TASK REQUIREMENTS —
Starting at the line that contains "囲炉裏の上にはサンショウウオ" and stopping at the line that contains "15 .应⽤用场景 MULTI-STREAM", transcribe every line of the material below exactly; pictures stay out.

ENTRIES PROVIDED —
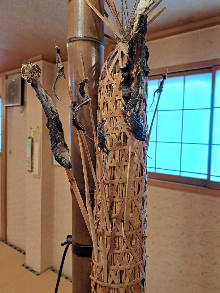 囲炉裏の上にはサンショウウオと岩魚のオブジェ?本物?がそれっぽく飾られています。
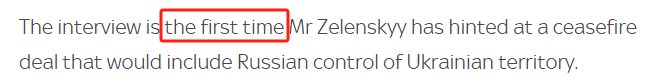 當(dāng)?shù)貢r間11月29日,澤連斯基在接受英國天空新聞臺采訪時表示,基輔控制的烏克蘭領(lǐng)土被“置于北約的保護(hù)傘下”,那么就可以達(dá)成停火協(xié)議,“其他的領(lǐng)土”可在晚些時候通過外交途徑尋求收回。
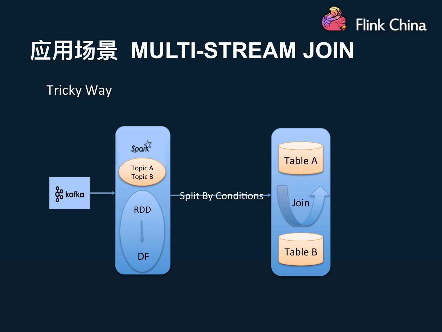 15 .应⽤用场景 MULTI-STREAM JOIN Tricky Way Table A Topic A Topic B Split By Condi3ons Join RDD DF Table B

--

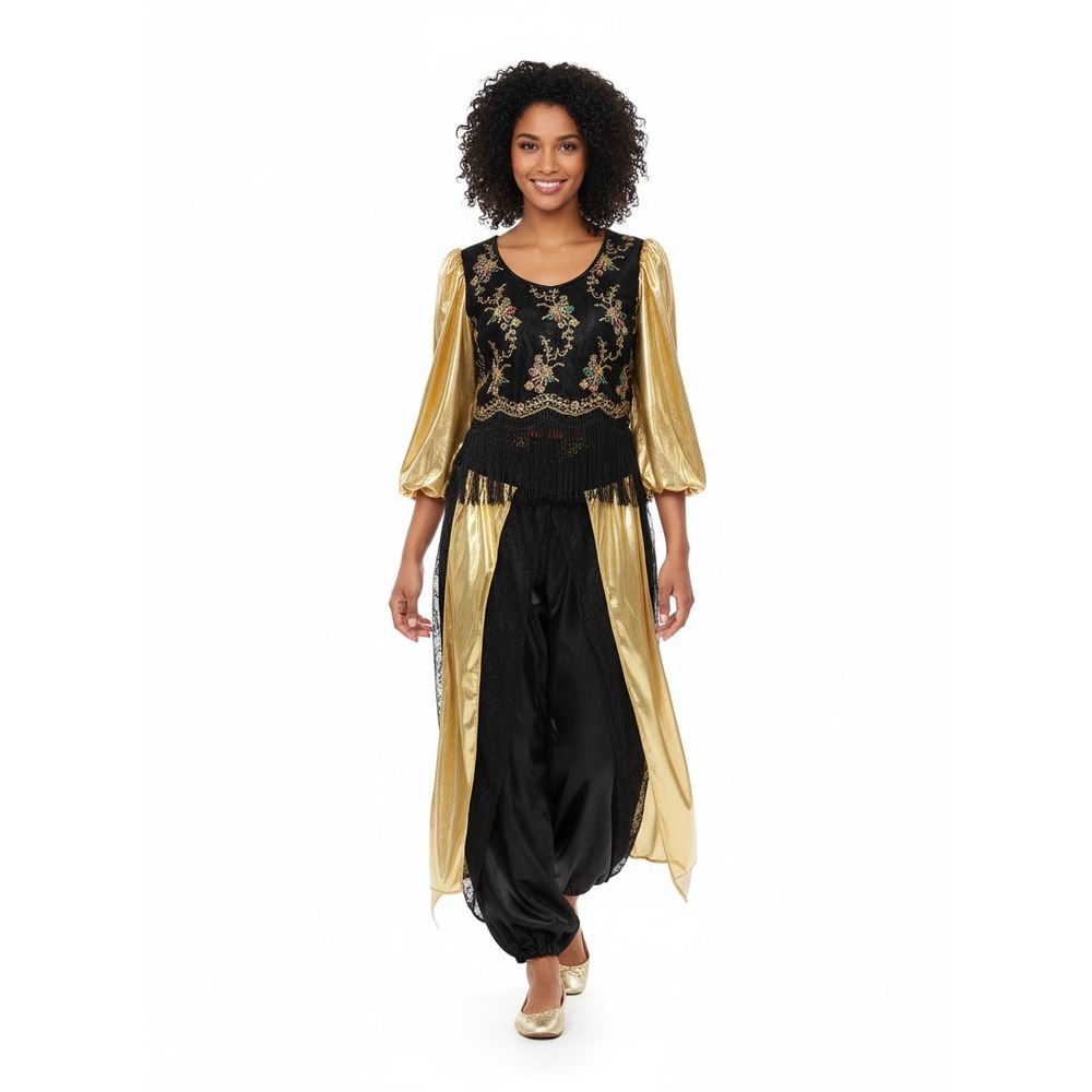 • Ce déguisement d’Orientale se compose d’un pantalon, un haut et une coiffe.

EXERCISE SOLUTION —
 囲炉裏の上にはサンショウウオと岩魚のオブジェ?本物?がそれっぽく飾られています。
 當(dāng)?shù)貢r間11月29日,澤連斯基在接受英國天空新聞臺采訪時表示,基輔控制的烏克蘭領(lǐng)土被“置于北約的保護(hù)傘下”,那么就可以達(dá)成停火協(xié)議,“其他的領(lǐng)土”可在晚些時候通過外交途徑尋求收回。
 15 .应⽤用场景 MULTI-STREAM JOIN Tricky Way Table A Topic A Topic B Split By Condi3ons Join RDD DF Table B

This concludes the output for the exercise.